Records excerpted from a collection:
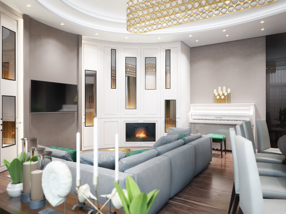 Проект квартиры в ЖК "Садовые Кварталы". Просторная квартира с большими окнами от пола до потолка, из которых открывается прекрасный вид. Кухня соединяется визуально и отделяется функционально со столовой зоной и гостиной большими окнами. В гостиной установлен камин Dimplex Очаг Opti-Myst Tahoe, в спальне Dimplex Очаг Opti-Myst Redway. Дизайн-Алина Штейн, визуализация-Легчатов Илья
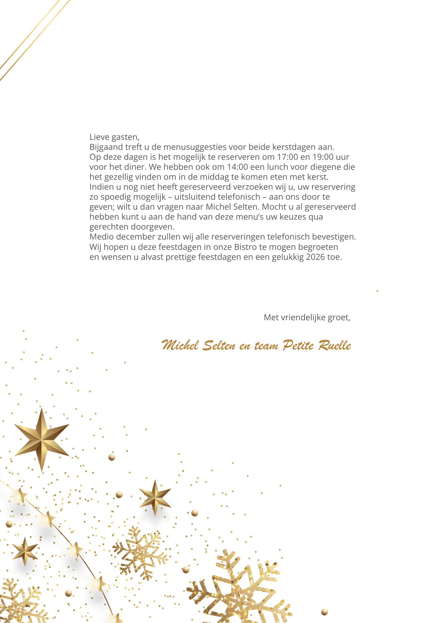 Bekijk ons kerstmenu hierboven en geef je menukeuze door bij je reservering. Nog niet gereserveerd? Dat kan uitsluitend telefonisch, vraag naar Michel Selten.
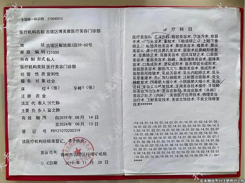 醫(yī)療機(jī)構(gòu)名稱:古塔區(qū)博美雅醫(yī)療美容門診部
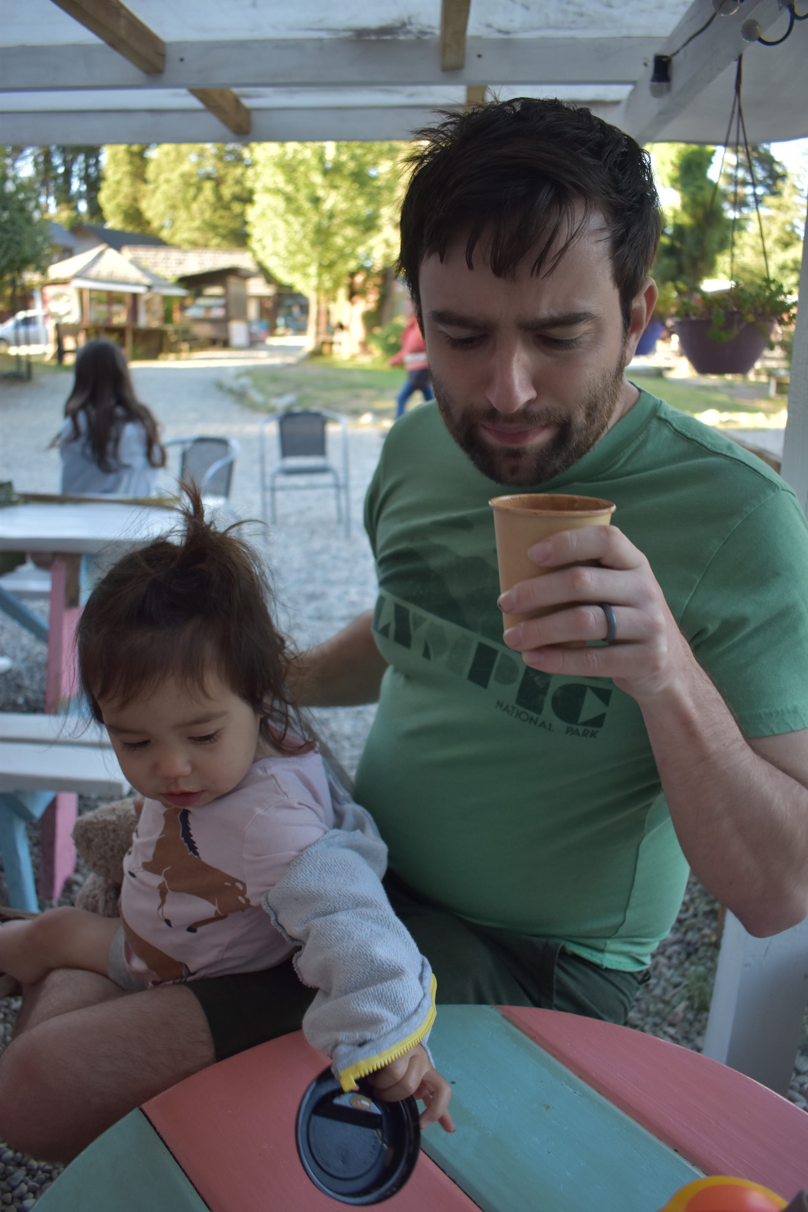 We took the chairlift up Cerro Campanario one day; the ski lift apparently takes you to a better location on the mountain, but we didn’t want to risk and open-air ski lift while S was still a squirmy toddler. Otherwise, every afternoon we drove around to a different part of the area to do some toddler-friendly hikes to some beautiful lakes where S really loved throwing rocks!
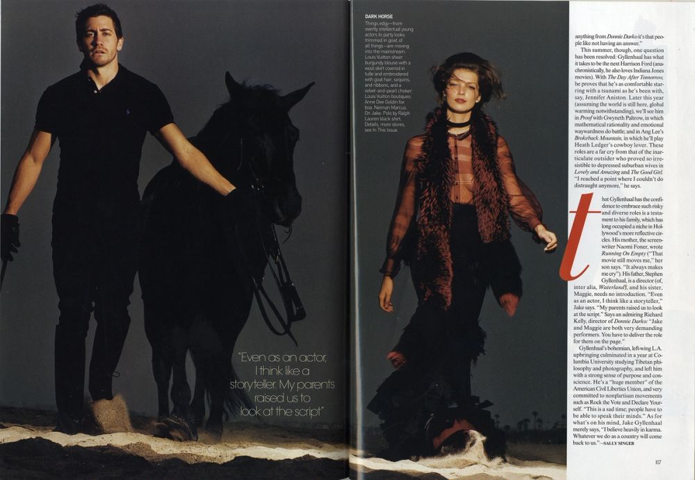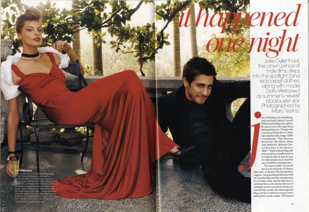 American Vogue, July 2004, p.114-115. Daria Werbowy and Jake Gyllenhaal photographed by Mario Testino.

- Problem description -
Your copy should match every entry above exactly and contain no pictures.

- Response area -
 Проект квартиры в ЖК "Садовые Кварталы". Просторная квартира с большими окнами от пола до потолка, из которых открывается прекрасный вид. Кухня соединяется визуально и отделяется функционально со столовой зоной и гостиной большими окнами. В гостиной установлен камин Dimplex Очаг Opti-Myst Tahoe, в спальне Dimplex Очаг Opti-Myst Redway. Дизайн-Алина Штейн, визуализация-Легчатов Илья
 Bekijk ons kerstmenu hierboven en geef je menukeuze door bij je reservering. Nog niet gereserveerd? Dat kan uitsluitend telefonisch, vraag naar Michel Selten.
 醫(yī)療機(jī)構(gòu)名稱:古塔區(qū)博美雅醫(yī)療美容門診部
 We took the chairlift up Cerro Campanario one day; the ski lift apparently takes you to a better location on the mountain, but we didn’t want to risk and open-air ski lift while S was still a squirmy toddler. Otherwise, every afternoon we drove around to a different part of the area to do some toddler-friendly hikes to some beautiful lakes where S really loved throwing rocks!
 American Vogue, July 2004, p.114-115. Daria Werbowy and Jake Gyllenhaal photographed by Mario Testino.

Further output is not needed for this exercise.